You make me laugh, seriously you do, why? because you have no clue, it is ppl like you that make gaming forums what they are and that is legit places legit fans do not want to ever visit, so 10 minutes of your "game" never turned out the way you wanted it, big deal, you do realize that without them 3 you just touted there would nigh never have been a ME in a form that you "love" you do understand this yes?
FALLACY ALERT!
The fact that without Hudson there would be no Mass Effect is indisputable. The fact that without Hudson, Mass Effect 3 would have turned out differently is also indisputable.
Compare and contrast.
The fact that without George Lucas there would be no Star Wars is indisputable. The fact that without George Lucas, Jar Jar Binks would not have existed is also indisputable.
It's a matter of major precedent (Godfather 3, Police Academy-with-any-number, Quake 3, Spider-Man 3, Mortal Kombat 4-7, etc, it's actually a common occurrence with sequels past the number 2) that even if the same creative team is working on a sequel, it might suck major butt even if the original was a brilliant objet d'art.
I don't think a couple of those criticisms really hold up too well. While this isn't the right board for fighting these battles again, I'll go ahead anyway just for examples of how this stuff is never really settled.
Without going into spoileroilers:
Mass Effect 1 worked because of the Minovsky Particle principle. Every bit of not-real-science has had an appropriate lengthy scientific or pseudoscientific explanation, from how the Keepers worked to how dropping out of a mass effect jump improperly would blow you to subatomic particles with major Cherenkov radiation output. Oh boy, that would have made the ending of Mass Effect 3 very different, wouldn't it?
Mass Effect 3 works entirely on the momentum from Mass Effect 2's positive reception and uncritical interpretation (as most of ME3's plot problems began when ME2's writers started cutting corners on logic) -> up to and including flip-flopping back and forth between how inconsequential the Collectors are to the Reaper Grand Plan and therefore would have been at best a sidequest (a-la the Cerberus plotline) for Shepard in ME1; or how wiping them out would surely collapse the plans of the Reapers for forever and a day.

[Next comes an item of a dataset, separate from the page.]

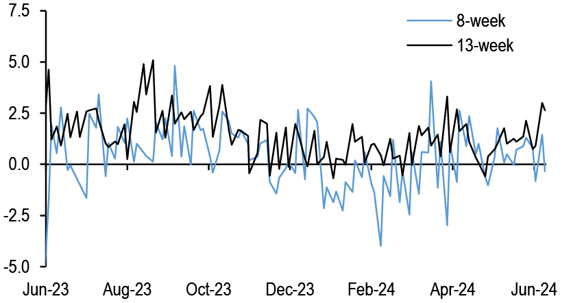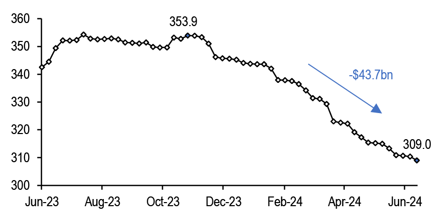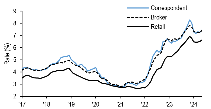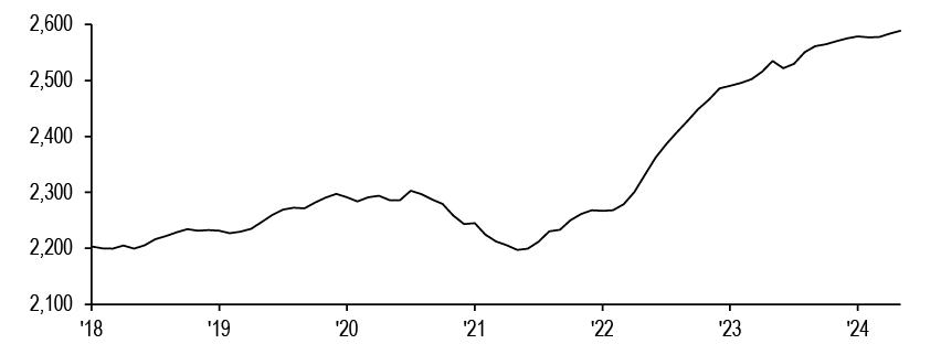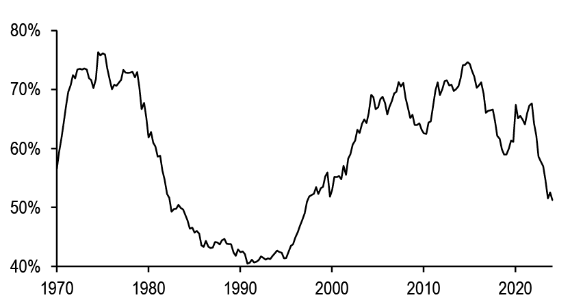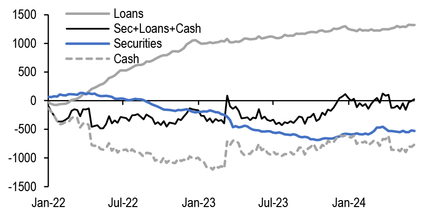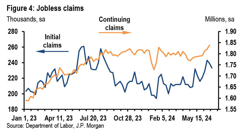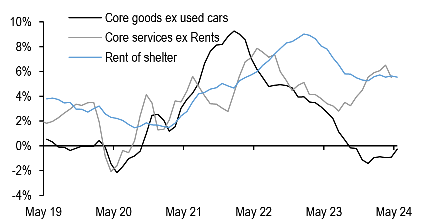 - We expect core PCE inflation to soften sequentially and GDP growth to step down to 1% saar in 2H24. We see the first Fed rate cut in November, followed by a quarterly cadence thereafter. We think balance sheet runoff can continue at the now-tapered pace over the remainder of the year

You're right, Mass Effect 3 does qualify as fantasy, but the problem is, when I signed up to be a fan, I signed up for a hard-ish sci-fi, not fantasy with spaceships, diabolus ex machina (that's what ghost boy best qualifies as) and badly sung karaoke.
But you're right, we've shed enough blood on this issue when it WAS relevant and BioWare ignored us all back then.
Why would Mass Effect 4 be any different?